### Task requirements
Every record should be written out exactly, with the pictures left out.

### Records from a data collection
+ + +

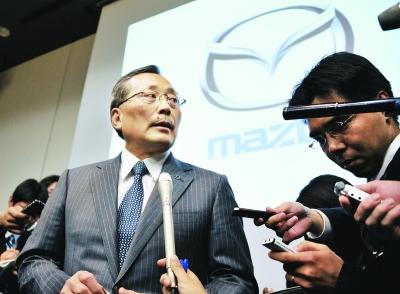 圖為日本馬自達(dá)汽車公司總裁山田憲昭18日在東京出席記者招待會(huì)的情形。該公司當(dāng)天宣布,美國(guó)福特汽車公司對(duì)其持股比例將從11%降至3.5%,這將使前者喪失馬自達(dá)最大股東身份。據(jù)悉,福特自1979年以來(lái)一直是馬自達(dá)的最大股東,一度擁有馬自達(dá)超過(guò)1/3的股份,自2008年全球金融危機(jī)爆發(fā)以來(lái)開(kāi)始減持馬自達(dá)股份。
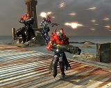 Huxleyでは数百の武器/防具が存在するが,戦闘マップに持ち込めるのはそのうちの一部だけとなる。そのため,シティで特定のNPCと会話することで,戦闘マップで使う武器を決める(RPGでいうところの装備にあたる)ことになる。 また,HuxleyではMMORPGのようなクエストが存在するが,これもシティでNPCから受けることになる。姜氏によれば,クエストには「レーダー基地を占領する」などの目的があり,達成すると経験値やアイテムがもらえるとのことだ。 ちなみに,このレクチャーでは現在開発中のXbox 360版と同時接続するデモも見せてもらった。残念ながら開発中とのことで画面は掲載できないのだが,会場で見た限り,視認レベルではタイムラグもなく,ハードの垣根を越えた対戦もスムースに実現できそうだった。
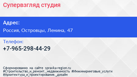 Супервзгляд, студия по адресу Торговый комплекс "Текстиль-Профи", 47, улица Ленина, Михнево, Октябрьский, городской округ Люберцы, Московская область, Центральный федеральный округ, 140060, Россия в дальнейшем Организация, размещена в следующих категориях:
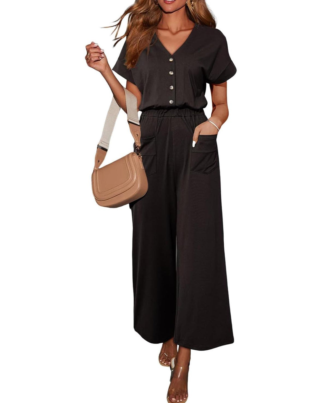 Women's Short Sleeves Button Down Wide Leg Jumpsuits with Pockets
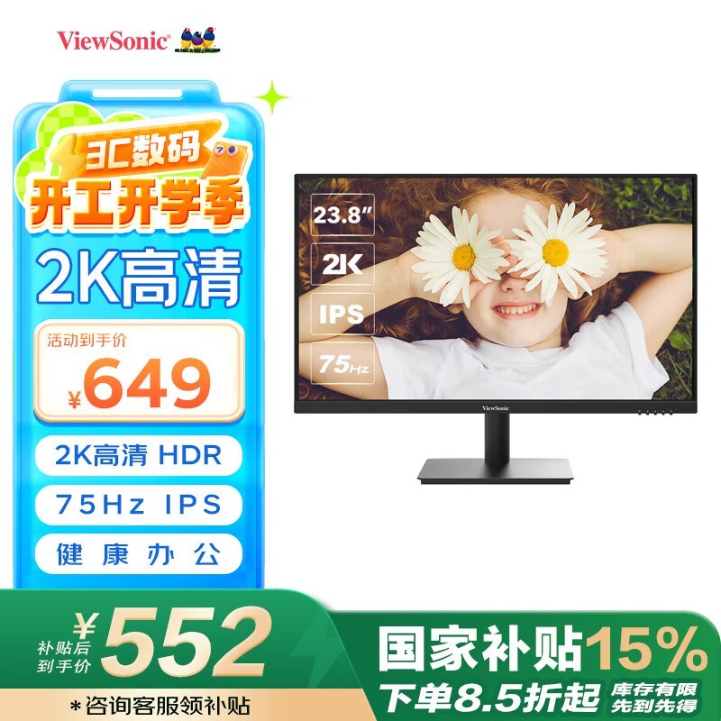 优派VA2462-HU-2显示器促销:23.8英寸IPS屏,到手仅639元
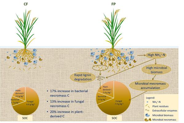 近日,番号鸽 水稻栽培丁艳锋团队在国际知名期刊《Soil Biology and Biochemistry》连续刊发2篇题为“Long-term fertilizer postponing promotes soil organic carbon sequestration in paddy soils by accelerating lignin degradation and increasing microbial necromass”和“Long-term fertilizer postponing increases soil carbon sequestration by changing microbial composition in paddy soils: A 13CO2labelling and PLFA study”的研究论文,报道了他们在稻田土壤固碳中的重要进展。

+ + +

### Completed task
 圖為日本馬自達(dá)汽車公司總裁山田憲昭18日在東京出席記者招待會(huì)的情形。該公司當(dāng)天宣布,美國(guó)福特汽車公司對(duì)其持股比例將從11%降至3.5%,這將使前者喪失馬自達(dá)最大股東身份。據(jù)悉,福特自1979年以來(lái)一直是馬自達(dá)的最大股東,一度擁有馬自達(dá)超過(guò)1/3的股份,自2008年全球金融危機(jī)爆發(fā)以來(lái)開(kāi)始減持馬自達(dá)股份。
 Huxleyでは数百の武器/防具が存在するが,戦闘マップに持ち込めるのはそのうちの一部だけとなる。そのため,シティで特定のNPCと会話することで,戦闘マップで使う武器を決める(RPGでいうところの装備にあたる)ことになる。 また,HuxleyではMMORPGのようなクエストが存在するが,これもシティでNPCから受けることになる。姜氏によれば,クエストには「レーダー基地を占領する」などの目的があり,達成すると経験値やアイテムがもらえるとのことだ。 ちなみに,このレクチャーでは現在開発中のXbox 360版と同時接続するデモも見せてもらった。残念ながら開発中とのことで画面は掲載できないのだが,会場で見た限り,視認レベルではタイムラグもなく,ハードの垣根を越えた対戦もスムースに実現できそうだった。
 Супервзгляд, студия по адресу Торговый комплекс "Текстиль-Профи", 47, улица Ленина, Михнево, Октябрьский, городской округ Люберцы, Московская область, Центральный федеральный округ, 140060, Россия в дальнейшем Организация, размещена в следующих категориях:
 Women's Short Sleeves Button Down Wide Leg Jumpsuits with Pockets
 优派VA2462-HU-2显示器促销:23.8英寸IPS屏,到手仅639元
 近日,番号鸽 水稻栽培丁艳锋团队在国际知名期刊《Soil Biology and Biochemistry》连续刊发2篇题为“Long-term fertilizer postponing promotes soil organic carbon sequestration in paddy soils by accelerating lignin degradation and increasing microbial necromass”和“Long-term fertilizer postponing increases soil carbon sequestration by changing microbial composition in paddy soils: A 13CO2labelling and PLFA study”的研究论文,报道了他们在稻田土壤固碳中的重要进展。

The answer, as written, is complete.